Ada jeda panjang yang menyakitkan. Udara di antara mereka terasa tebal dengan pengkhianatan dan kehancuran. Raffael menatap Aleandra, mencoba menemukan celah, tetapi wajah wanita itu kini keras, dingin, dan asing baginya. Wanita yang selama ini begitu lembut, kini tampak seperti patung es.
"Baiklah," kata Raffael akhirnya, suaranya rendah dan penuh kekalahan. Dia tahu bahwa tidak ada lagi yang bisa dia katakan untuk mengubah pikiran Aleandra. Tekad di mata Aleandra adalah final. Dia mengambil tas kerjanya, kunci mobilnya, dan beberapa barang yang tergeletak di ruang tamu.

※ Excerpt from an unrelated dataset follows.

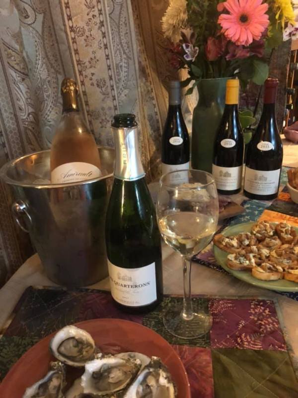 Pairing: I know we talk about sparkling wine and oysters all the time, however there is a reason for that. Lemon citrus in the wine meets the ocean breeze of the oyster and makes a perfect match. On the other side of the spectrum the blue cheese toasted walnut crostini also was a great match with the Les Quarterons, so very tasty. The fennel salami was beautiful as well. The herbal qualities in the salami made the wine shine. Super yummy with the Clafloutis dessert: the almond extract and almonds compliment the wine so well.
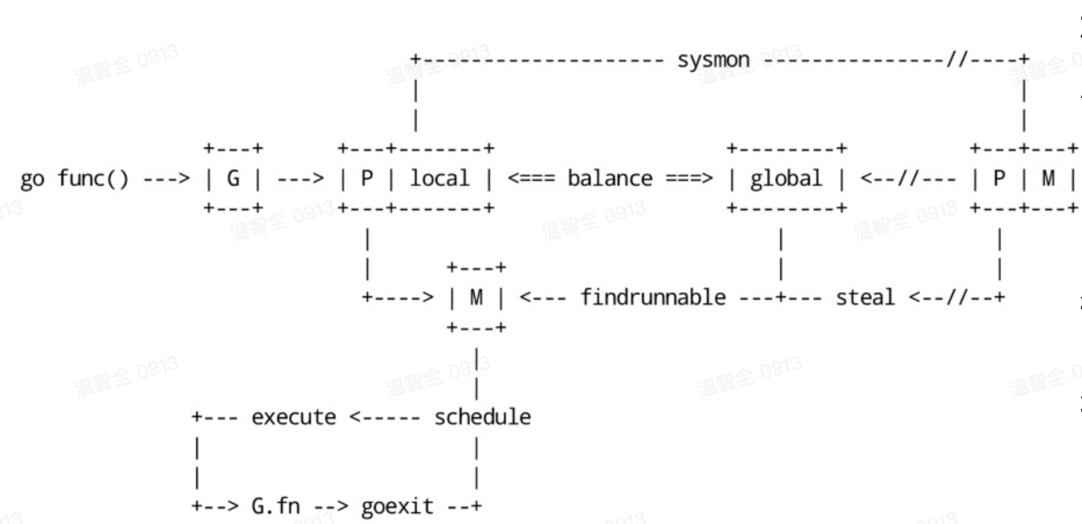 G 为执行代码的基本单元,P 为逻辑 Processor,M 代表一个线程,可以理解为“物理 Processor”,新建的 G 都会优先放入到本地 P 队列中,如果满了会放到 Global 队列中,如果执行完了本队列的所有 G,还会从其他的 P 中 steal 一半的 G 到本地队列中运行以提升性能,其执行流程如下:

Sebelum dia melangkah keluar, Raffael menoleh lagi kepada Aleandra. "Kau akan menyesal, Aleandra. Kau tidak akan bisa tanpaku. Kau bukan apa-apa tanpa aku."
Kata-kata itu, yang seharusnya menyakitkan, justru memicu percikan api di mata Aleandra. Kemarahan yang tadi terpendam kini membakar. "Kita lihat saja, Raffael," jawab Aleandra, suaranya tajam dan penuh keyakinan yang baru ditemukan. "Kita lihat saja siapa yang akan menyesal pada akhirnya. Aku akan membuktikan padamu dan pada seluruh dunia bahwa kau salah. Aku akan bangkit, menjadi lebih kuat, dan kau akan menjadi penonton dari semua kesuksesanku."
Raffael menatapnya dengan tatapan tak percaya, seolah dia tidak mengenali wanita di depannya. Lalu, dengan desahan berat, dia membalikkan badan dan melangkah keluar dari apartemen itu, meninggalkan Aleandra sendirian dalam keheningan yang memekakkan.
Saat pintu tertutup di belakang Raffael, Aleandra akhirnya membiarkan air matanya mengalir deras. Kali ini, air mata itu bukan hanya karena kesedihan, tetapi juga karena tekad yang membara. Dunianya memang hancur, tetapi dia tidak akan membiarkan dirinya tenggelam dalam kehancuran itu. Demi Arya, demi harga dirinya, dan demi membalaskan sakit hati yang tak terhingga ini, Aleandra akan bangkit. Dia akan menunjukkan kepada Raffael dan mantan ibu mertuanya, yang selalu meremehkannya, bahwa mereka telah melakukan kesalahan besar. Ini bukan akhir dari segalanya. Ini adalah awal dari sebuah babak baru, di mana Aleandra akan menulis ulang takdirnya sendiri.